A Collection of America’s Finest Personal Journalism

edited by Walt Harrington

Pub Date: Sept. 9th, 2005
ISBN: 0-8021-4224-9
Publisher: Grove

A collection of first-person journalism edited by former Washington Post reporter Harrington (The Everlasting Stream, 2002, etc.).

Harrington (Literary Journalism/Univ. of Illinois, Urban-Champaign) here aims to dispel the old journalistic cliché: that a journalist writing about him/herself is always “self-indulgent and, quite likely, narcissistic.” He couldn’t have put together a better lineup of writers to make the point that it doesn’t have to be. Scott Anderson’s “Prisoners of War,” a 40-page mini-opus about the thrill and horror of being a war reporter, depicts with astonishing honesty the almost limitless selfishness that moves danger-seekers. The author flickers back and forth between his quixotic, quite possibly insane search for a missing man in one of the most dangerous parts of Chechnya and his near-execution, along with brother Jon Lee Anderson (known for his reports from Baghdad), at the hands of Tamil Tigers.
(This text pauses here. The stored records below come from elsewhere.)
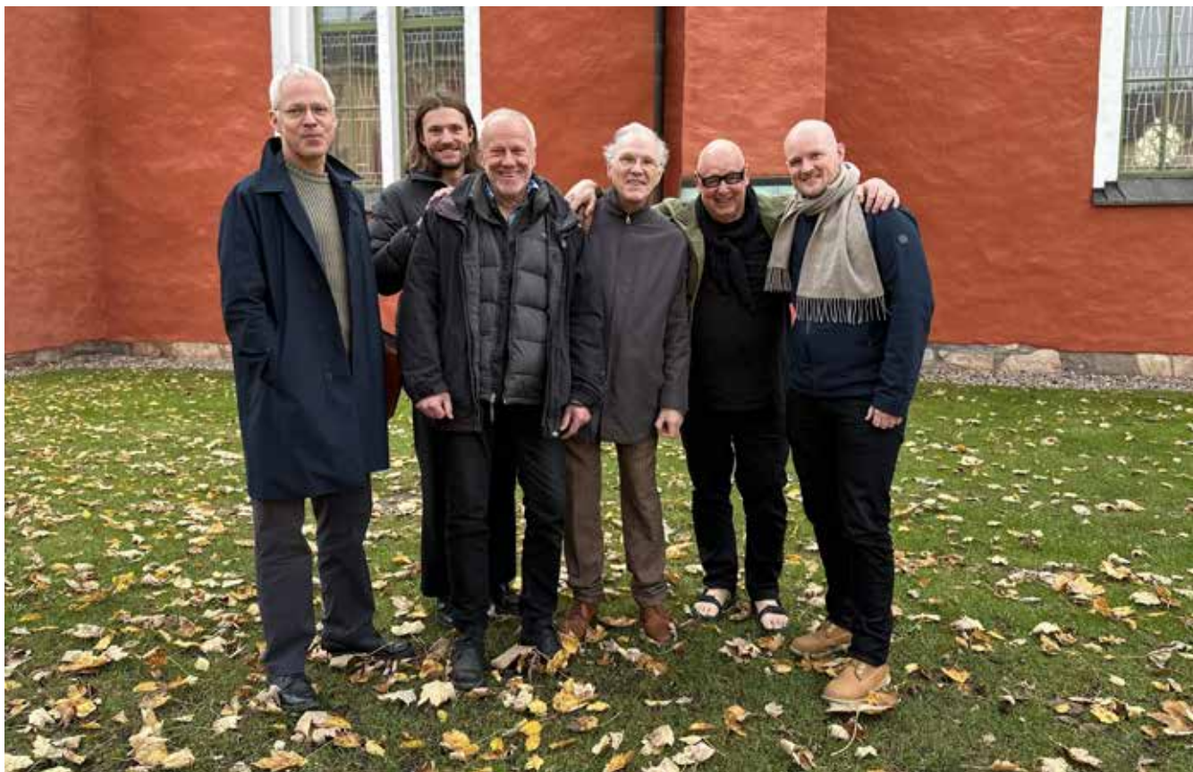
Representanter från de sex olika arkitektfirmorna som ska lämna förslag.

De sex arkitektbolagen som har fått i uppdrag att komma in med förslag har besökt Viås för att få inspiration och de har även fått tillgång till den behovsinventering som genomförts.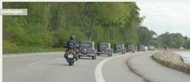
Flot kortege på Fjordvejen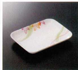
G-407KM 角皿 T-3 165×125×21 ¥1,180 299-OP ¥460 T 61 揚 176頁

Anderson’s piece is almost matched by Davis Miller’s “My Dinner with Ali,” in which the writer goes looking for the aged boxer and ends up practically getting adopted by the champ’s family, who are quite used to Ali bringing home strays. Even lesser pieces are well executed: “A Day at the Dogfights” may be laden with tired hardboiled clichés, but Harry Crews crams it fit to burst with vivid imagery; and Mike Sager’s “Last Tango in Tahiti,” the Apocalypse Now–esque story of hunting down Marlon Brando for an interview, is as funny as it is self-aggrandizing. “Her Blue Haven” is a Sunday-magazine-style recollection by L.A. sportswriter Bill Plaschke of his meeting with a rabid Dodgers fan afflicted with cerebral palsy. It could have been the most sentimental piece of the bunch; instead, it is a crushingly painful story rendered with true beauty.

Not just some of the country’s finest personal journalism, but some of its finest journalism, period.